Our observation that bariatric surgery leads to reductions in BMI, venous plasma glucose, and oxidative stress markers aligns with existing literature not only in magnitude but in mechanistic interpretation. In particular, Jakubiak et al. used principal-component analysis in a large cohort to show that among the components of metabolic syndrome, the cluster defined by ‘obesity and insulin resistance’ exhibited the strongest association with oxidative stress parameters. Thus, our results support the hypothesis that the interplay of adiposity and insulin resistance is a principal driver of oxidative imbalance—and that surgical weight-loss mitigates oxidative stress largely through this axis [28].

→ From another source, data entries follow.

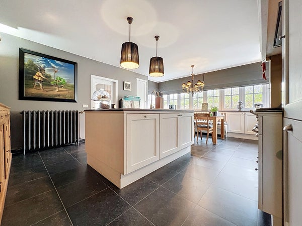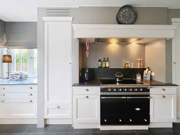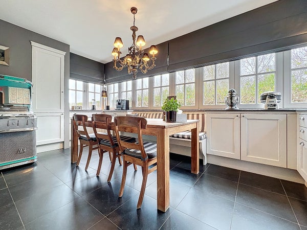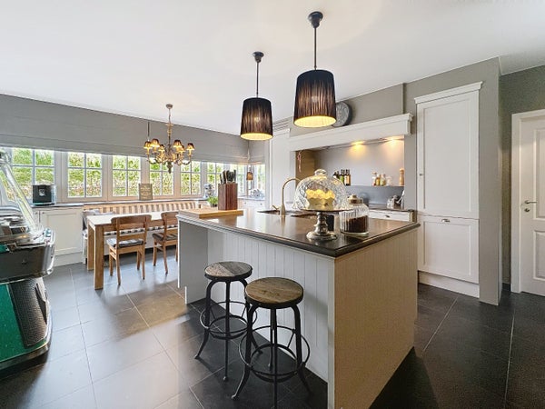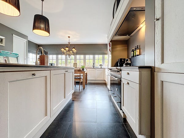 Het ruime kookeiland met natuurstenen werkblad en dubbele pompsteen nodigt uit tot lange, liefdevolle avonden vol samenzijn waar wordt gekookt, geproefd en gelachen tot laat. Het statige Lacanche inductiefornuis met twee ovens is een pronkstuk en verheft iedere maaltijd tot een kleine culinaire viering. Uiteraard is de keuken compleet met een vaatwasser en koel-vriescombinatie, zodat comfort en elegantie hier hand in hand gaan.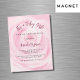 A close-up of a watercolored soft pink rose, flower. Personalise and add the name of the mum-to-be and party details.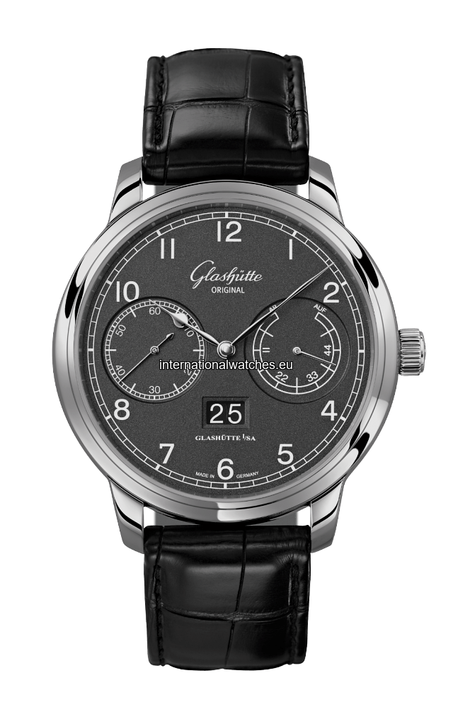 Extremely precise & clearly legible: the Senator Observer watch. Stainless steel, grey dial, Panorama Date, power reserve display, black leather strap.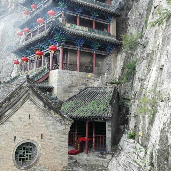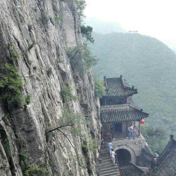 最惊艳的还是山上的娲皇阁!它是悬在悬崖上的样子,要不叫“吊庙”呢,不得不佩服古代工匠的智慧。阁里有好几层,每层的像不一样,碰到了来还愿的人,氛围很庄重。旁边的摩崖石刻也别错过,千年的文字刻在岩石上,哪怕有些字迹模糊,也能感受到历史的厚重。补天谷也可以逛逛,谷里绿树成荫,走在步道上特别凉快,上山选了索道,坐在上面能俯瞰整个景区,远山、古建、湖泊连在一起,视野特别好,也不累,下山做了滑车,挺刺激的。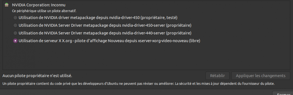 11. Hello ! On m'a fais un dualboot Windows et fedora il y a un mois, mais j'ai décidé de changer pour un dualboot Windows + Ubuntu. Hier soir donc je fais le boot avec une clé tout ce passe à peu près normalement ( sauf quelques petits problèmes de partition ). Or je ne peux pas me connecter au wifi pour une raison que j'ignore. Quand je tape "wifi" dans la barre de recherche j'ai accès au paramètres mais il me dit "Aucun adaptateur wifi trouvé". J'ai déjà essayé quelques commandes qui traînaient sur internet sans succès. Une solution ? Merci :) !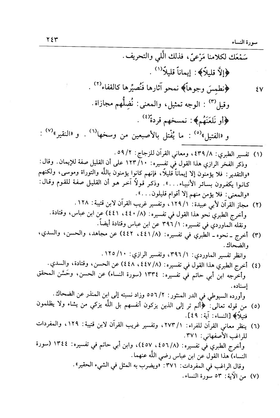 وأخرج الطبري في تفسيره: (8/ 456، 457) ، وابن أبي حاتم في تفسيره: 1344 (سورة النساء) هذا القول عن ابن عباس رضي الله عنهما.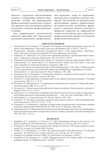 1. Ипполитова Н. В., Качалова Л. П., Перерва О. Ю. Профессиональный патриотизм в структуре общей его классификации // Мир науки, культуры, образования. 2022. № 2(93). С. 209-212.

While our biomarker results are not novel per se, this study provides valuable regional insights by presenting data from a Romanian cohort—a population underrepresented in bariatric redox studies. Thus, the findings may inform region-specific health strategies or dietary interventions. To our knowledge, few studies have simultaneously assessed this panel of oxidative stress markers in this demographic context [11,17].

4.4. Strengths and Limitations

This study has several strengths. First, it is based on a relatively large and well-defined cohort, including both patients with obesity undergoing bariatric surgery and a matched control group of normoponderal surgical patients. The prospective design, with a one-year follow-up, allowed us to evaluate longitudinal changes in oxidative stress biomarkers within the same individuals, strengthening causal inference. Furthermore, we applied validated HPLC-based analytical methods for quantification of glutathione, malondialdehyde, nitrite, and nitrate, providing sensitive and specific biochemical measurements.

However, some limitations should also be acknowledged. The study was conducted at two centers in a single region of Romania, which may limit generalizability to other populations. Although we included 50 patients per group, larger multicenter cohorts would provide greater statistical power, especially for subgroup analyses. We did not perform additional mechanistic assessments (e.g., measurement of antioxidant enzyme activity, endothelial function, or inflammatory signaling pathways), which could have provided deeper insights into the observed biochemical changes. Moreover, while follow-up was limited to one year, longer-term studies are needed to determine the durability of redox-homeostasis improvements after bariatric surgery. Finally, dietary factors, physical activity, and medication use were not systematically controlled postoperatively, and these may have influenced oxidative-stress status.

Finally, translational studies exploring how improvements in oxidative stress relate to long-term clinical outcomes—such as reduced cardiovascular risk, better metabolic control, and improved quality of life—are needed to clarify the broader health benefits of bariatric surgery.

5. Conclusions

Our study, conducted with a significant number of patients, shows that weight loss could bring significant improvements in certain biomarkers of oxidative stress (glutathione), but could also negatively affect other parameters such as nitrite (a good biomarker of NO formation). Further studies are required to establish if weight loss after bariatric surgery has desirable or undesirable effects on the patients and what measures could be undertaken to ensure only positive effects are experienced.